Digital lenders: Ghana is following the footprints of Nigeria and Kenya

With over 1,500 fintechs operating in Africa, the need to start regulating their operations is a new wave for the government. Amid this are the reported cases of digital lenders and their consistent ways of harassment and data violations.

While Ghana is the latest country to introduce rules that curb these acts, the likes of Nigeria and Kenya have made similar regulations.

Recently, the federal government of Nigeria, through the Federal Competition and Consumer Protection Commission (FCCPC),  enforced the Digital, Electronic, Online, or Non-Traditional Consumer Lending Regulations (2025).

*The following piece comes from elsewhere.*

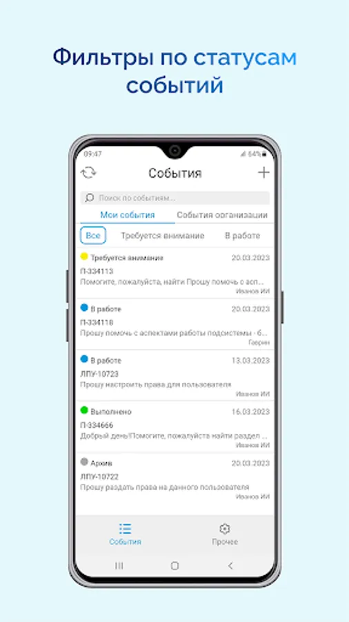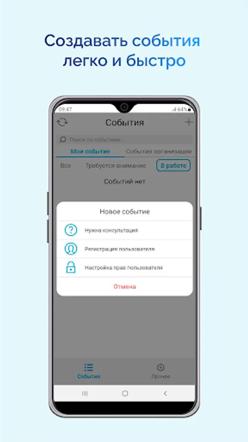 - Ease of communication with technical support (simple forms, minimum number of actions, organizing an event is easy and fast).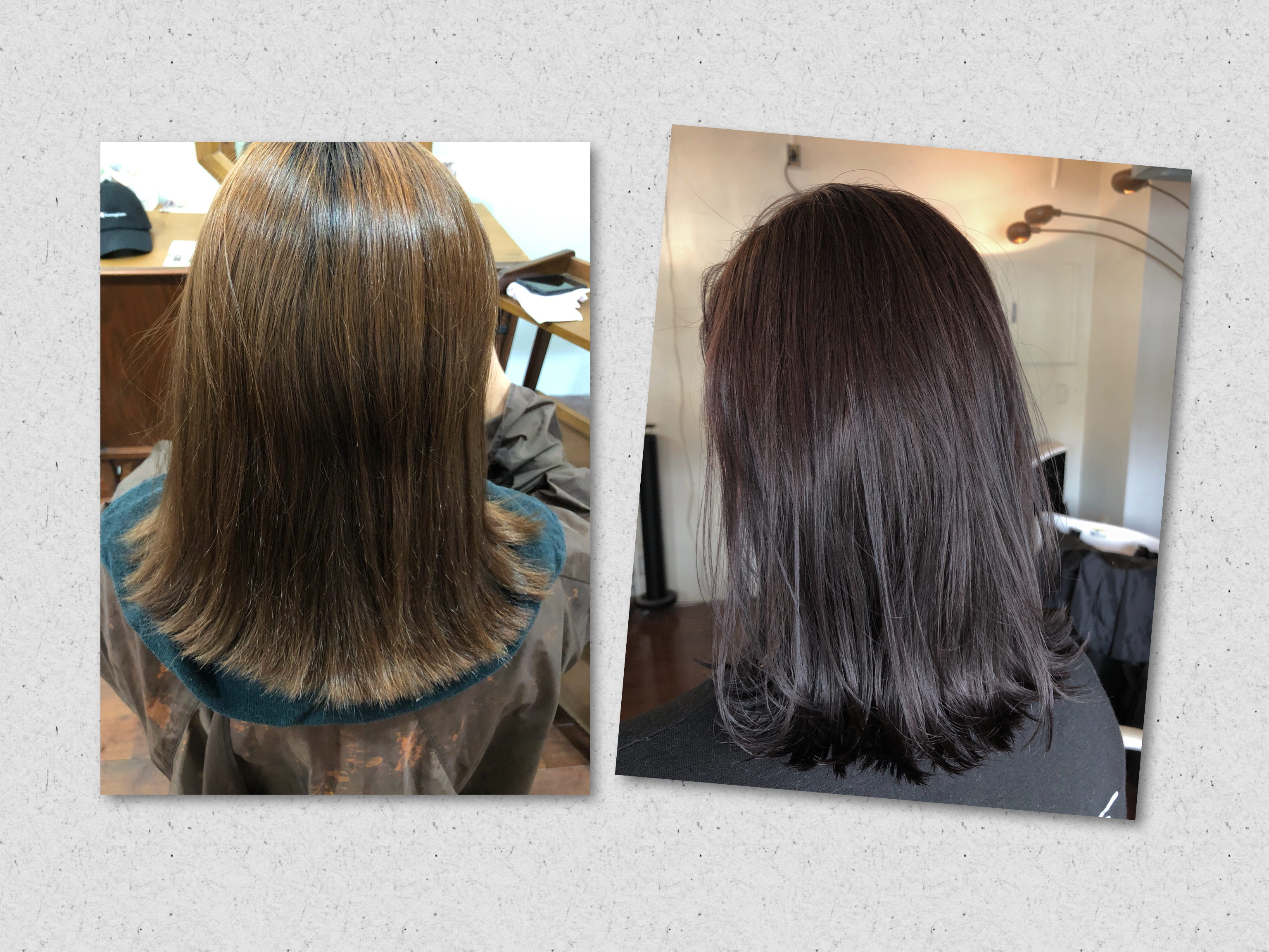 褪色して、黄色っぽくなりやすい髪質のお客様。

The regulation aims to address the unruly debt recovery process of loan apps and their frequent violations of data privacy. 

The regulation mandates transparency, fairness, responsible conduct, data privacy, and accessible redress mechanisms. The enforcement of these rules is a response to frequent violations by digital lenders in light of a series of harassment reported cases.

Digital lenders in Africa
Digital lenders in Africa

Of fintechs in Africa, digital lenders seem to have the largest share. In Nigeria, as of July 2025, FCCPC revealed that 399 digital lenders have been approved, with total approvals (including conditional) totalling around 425.

In Kenya, the number has now reached 153 following the recent regulatory approval granted to 27 Digital Credit Providers (DCPs) by the Central Bank of Kenya (CBK) in early September. Notably, the apex bank revealed that over 700 applications.

In Kenya, digital lenders are subjected to a strict screening process. The CBK explained that each application is put through rigorous processes to test business models, governance arrangements, and consumer protection terms.

In addition, the Bank explained that the licensing framework is aimed at targeting the fitness and suitability of shareholders, directors, and management of senior applicants. Only institutions that can satisfy high operating standards and legal requirements can operate in the country’s digital credit marketplace.